The first wave of the Employment Rights Act lands this month. Charles Hipps, Founder and CEO of Oleeo, breaks down what the changes mean for HR practitioners.
April's employment law shake-up: What HR needs to do right now

This month marks the start of what the government has called the biggest overhaul of workplace rights in a generation. Several significant changes come into force from 6 April, concerning sick pay, family leave, redundancy obligations, tribunal windows, harassment duties and a brand-new enforcement body. Here’s what HR practitioners need to understand.

Statutory Sick Pay: No more waiting

Employees are entitled to Statutory Sick Pay (SSP) from the very first day of absence. No more three-day waiting period. The Lower Earnings Limit, which previously disqualified lower-paid workers from SSP entirely, will be abolished.

Any payroll system still applying waiting-day logic needs updating before the first pay run after this week. Absence management policies built around the old rules are now out of date.

“This change will particularly affect lower-paid and part-time workers,” says Hipps. “For employers, it increases the importance of having fair and clearly communicated absence management processes. Where managers apply absence rules inconsistently, disputes often arise. Clear guidance and training will be essential.”

It increases the importance of having fair and clearly communicated absence management processes

Day-one family leave rights

Paternity leave and ordinary parental leave will become a ‘day one right’ for employees from 6 April 2026. Previously, someone must have worked for their employer for 26 weeks for paternity leave, and one year for unpaid parental leave. Under the new rules, an employee could request either within days of joining.

“This changes early-stage workforce planning,” Hipps explains. “Employers will need to ensure managers understand that eligibility starts immediately – and that new joiners are treated consistently and fairly.”

He notes that implementation will matter more than policy wording: “Policies are straightforward to update. The challenge is ensuring managers apply them correctly and that taking leave does not quietly impact progression or perception”.

Collective redundancy: Double the cost of getting it wrong

The maximum protective award for failure to comply with collective consultation obligations will increase from 90 days’ to 180 days’ pay.

“This significantly raises the financial exposure for employers if consultation processes are not handled correctly,” says Hipps. “The message is clear: workforce planning cannot be reactive. Organisations will need robust consultation processes, consistent documentation and clearly evidenced decision-making.”

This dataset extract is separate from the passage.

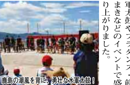
鹿島の潮風を背に、勇壮な水軍太鼓!

7/16 こ夏鹿島!海開きフェスタ2012 鹿島の夏の始まりを告げる当フェスタでは、水軍太鼓やフラダンス・餅まきなどのイベントで盛り上がりました。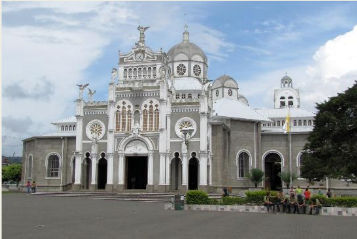
Собор Богоматери Ангелов

Культура Коста-Рики определяется смешением многовекового испанского влияния и традициями древних индейских народов. Это проявляется в различных аспектах: от языка до архитектуры исторических построек и церквей. Свыше 80% населения являются потомками испанских эмигрантов. Несмотря на длительную европеизацию костариканцев, коренное влияние древних народов незримо присутствует в кулинарии или традициях изготовления керамических изделий.

He adds: “Where businesses rely on informal or inconsistent redundancy processes across sites or departments, the risks increase. This reform effectively increases the cost of getting it wrong.”

The message is clear: workforce planning cannot be reactive

Tribunal time limits

The time limit for employees to bring a claim to an employment tribunal will double from three to six months. This significantly extends employers’ exposure to legacy claims.

Sexual harassment and whistleblowing

Employees who report workplace sexual harassment now receive formal whistleblower protections, with their complaint carrying the same protections as a financial wrongdoing disclosure. Separately, employers now have a positive duty to prevent harassment of employees by third parties: customers, clients, contractors and suppliers are all in scope.

“Stronger whistleblowing protections place greater emphasis on organisational culture and follow-through,” Hipps says. “The real test isn’t whether a policy exists, it’s whether employees feel safe using it.”

He adds: “Employers should review not just reporting channels, but how concerns are investigated, recorded and resolved. Transparency and documentation will become increasingly important.”

The Fair Work Agency 

On 7 April, the government’s new Fair Work Agency (FWA) will begin operating as the UK’s enforcement agency for employment rights. It will be able to take action against employers for breaches of employment law, including carrying out investigations, issuing penalties and taking legal action on behalf of employees.

“A single enforcement body increases visibility and accountability,” Hipps explains. “Even well-intentioned employers may find gaps between policy and practice exposed.”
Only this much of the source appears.